Beyond reward prediction errors: the role of dopamine in movement kinematics

• Main Authors: Joseph eBarter, Suellen eLi, Dongye eLu, Mark eRossi, Ryan eBartholomew, Charles T Shoemaker, Daniel eSalas-Meza, Erin eGaidis, Henry H Yin
• Format: Article
• Language: English
• Published: Frontiers Media S.A. 2015-05-01
• Series: Frontiers in Integrative Neuroscience
• Subjects: Basal Ganglia; Dopamine; Substantia Nigra; Reward; Striatum; kinematics
• Online Access: http://journal.frontiersin.org/Journal/10.3389/fnint.2015.00039/full

We recorded activity of dopamine (DA) neurons in the substantia nigra pars compacta in unrestrained mice while monitoring their movements with video tracking. Our approach allows an unbiased examination of the continuous relationship between single unit activity and behavior. Although DA neurons show characteristic burst firing following cue or reward presentation, as previously reported, their activity can be explained by the representation of actual movement kinematics. Unlike neighboring pars reticulata GABAergic output neurons, which can represent vector components of position, DA neurons represent vector components of velocity or acceleration. We found neurons related to movements in four directions—up, down, left right. For horizontal movements, there is significant lateralization of neurons: the left nigra contains more rightward neurons, whereas the right nigra contains more leftward neurons. The relationship between DA activity and movement kinematics was found on both appetitive trials using sucrose and aversive trials using air puff, showing that these neurons belong to a velocity control circuit that can be used for any number of purposes, whether to seek reward or to avoid harm.
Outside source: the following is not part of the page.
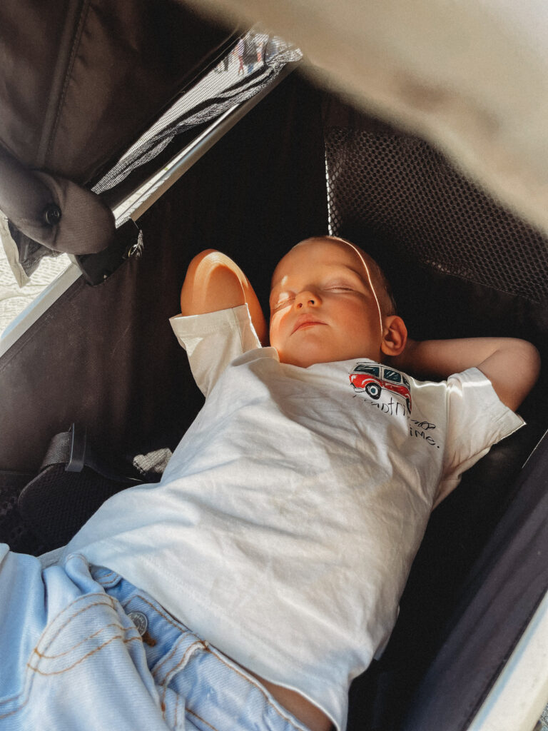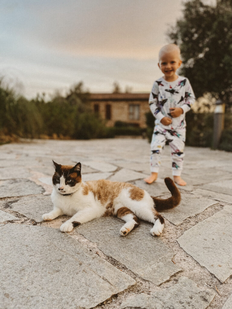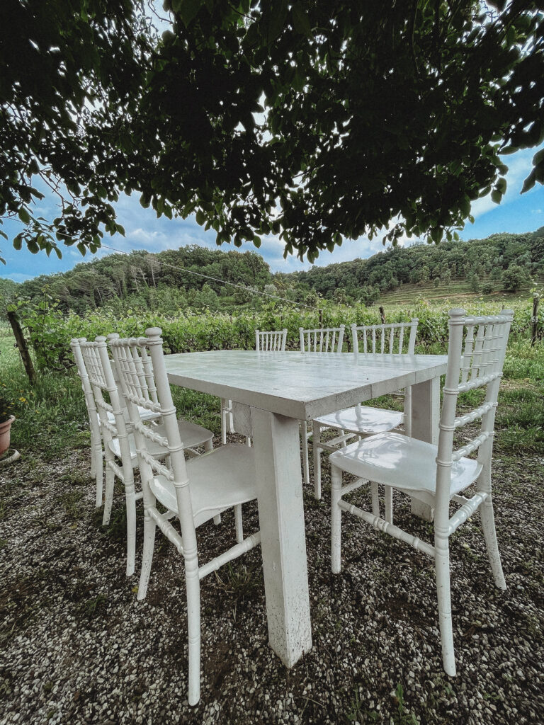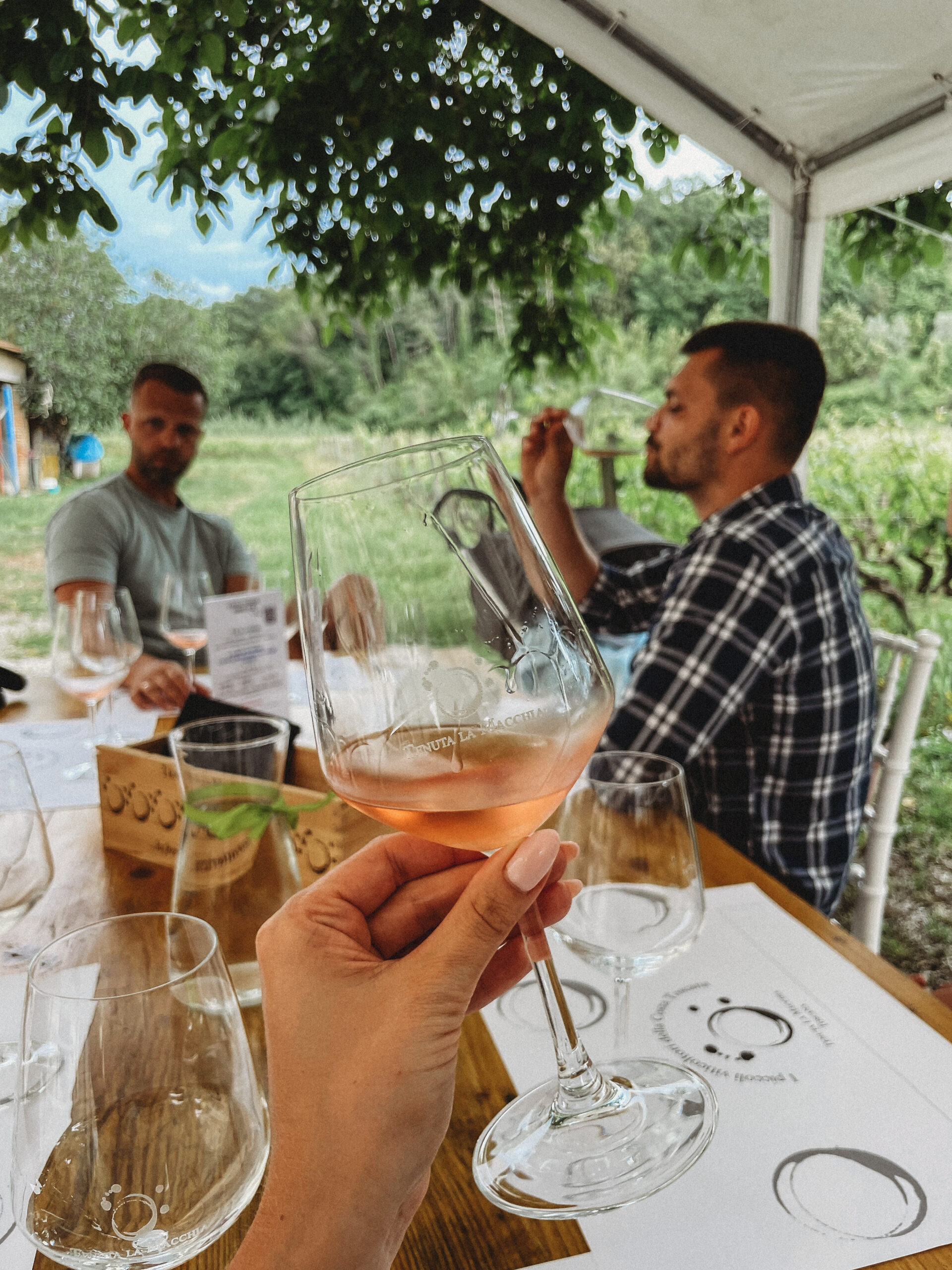 Kolejnego dnia nie deszcz, a grad zaskoczył nas swoją obecnością! Z nieba leciały kulki wielkości M&Msów! W planach mieliśmy wycieczkę do winnicy, ale mając wizję picia wina w takich okolicznościach przyrody, powoli szukaliśmy alternatywnych opcji na spędzenie tamtego popołudnia. Był to jednak ostatni dzień naszego pobytu i tym samym ostatnia szansa, kiedy mogliśmy sobie pozwolić na tę przyjemność. Podjęliśmy więc rękawicę i ruszyliśmy w kierunku Tenuta la Macchia. Pogoda tym razem okazała się dla nas nieco łaskawsza i po gradobiciu wyszło piękne słońce. Jasiek wyczuwał chyba w powietrzu zbliżający się Dzień Matki i postanowił zasnąć akurat na czas degustacji wina.

In support of this conclusion, mimicry of the phasic activation of DA neurons with selective optogenetic stimulation could also generate movements. Contrary to the popular hypothesis that DA neurons encode reward prediction errors, our results suggest that nigrostriatal DA plays an essential role in controlling the kinematics of voluntary movements. We hypothesize that DA signaling implements gain adjustment for adaptive transition control, and describe a new model of BG in which DA functions to adjust the gain of a transition controller. This model has significant implications for our understanding of movement disorders implicating DA and the BG.